# Provided data:
════════════════

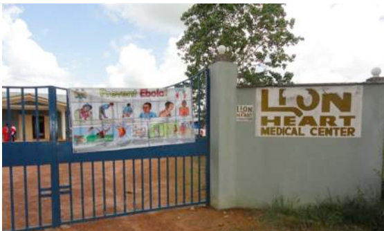
september 2014: LHMC wordt gesloten

De dagen daarna kwam alles in een stroomversnelling. Het ziekenhuis werd op last van de overheid gesloten en het personeel en de resterende patiënten werden op het ziekenhuisterrein in quarantaine geplaatst. Een onzekere en zwarte periode van 21 dagen. De twee Nederlandse artsen zijn in allerijl gerepatriëerd naar Nederland en ter observatie opgenomen in het LUMC in Leiden. Vervolgens zijn zij ook voor drie weken vrijwillig in afzondering gegaan. In de quarantaine tijd werden in Sierra Leone nog vier collega's ziek. Tot ons verdriet zijn drie van hen overleden. Een groot verlies voor ons ziekenhuis en de hele gemeenschap van Yele.
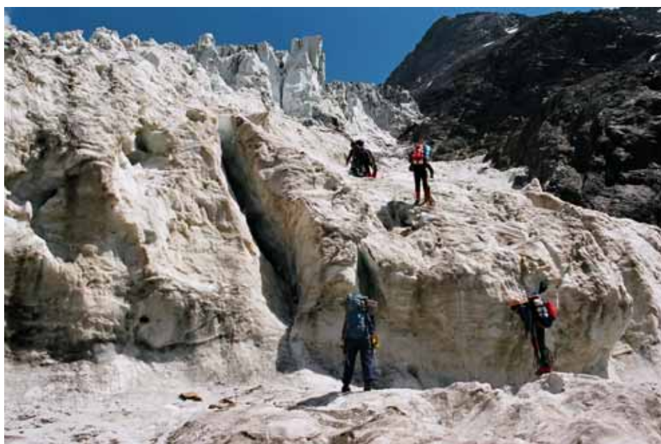
Фото № 130. Спуск по ледопаду Рама.

════════════════

# Try it:
Check each line of the listing above. Copy it if it holds the string "gesloten".

# Task answer:
september 2014: LHMC wordt gesloten
De dagen daarna kwam alles in een stroomversnelling. Het ziekenhuis werd op last van de overheid gesloten en het personeel en de resterende patiënten werden op het ziekenhuisterrein in quarantaine geplaatst. Een onzekere en zwarte periode van 21 dagen. De twee Nederlandse artsen zijn in allerijl gerepatriëerd naar Nederland en ter observatie opgenomen in het LUMC in Leiden. Vervolgens zijn zij ook voor drie weken vrijwillig in afzondering gegaan. In de quarantaine tijd werden in Sierra Leone nog vier collega's ziek. Tot ons verdriet zijn drie van hen overleden. Een groot verlies voor ons ziekenhuis en de hele gemeenschap van Yele.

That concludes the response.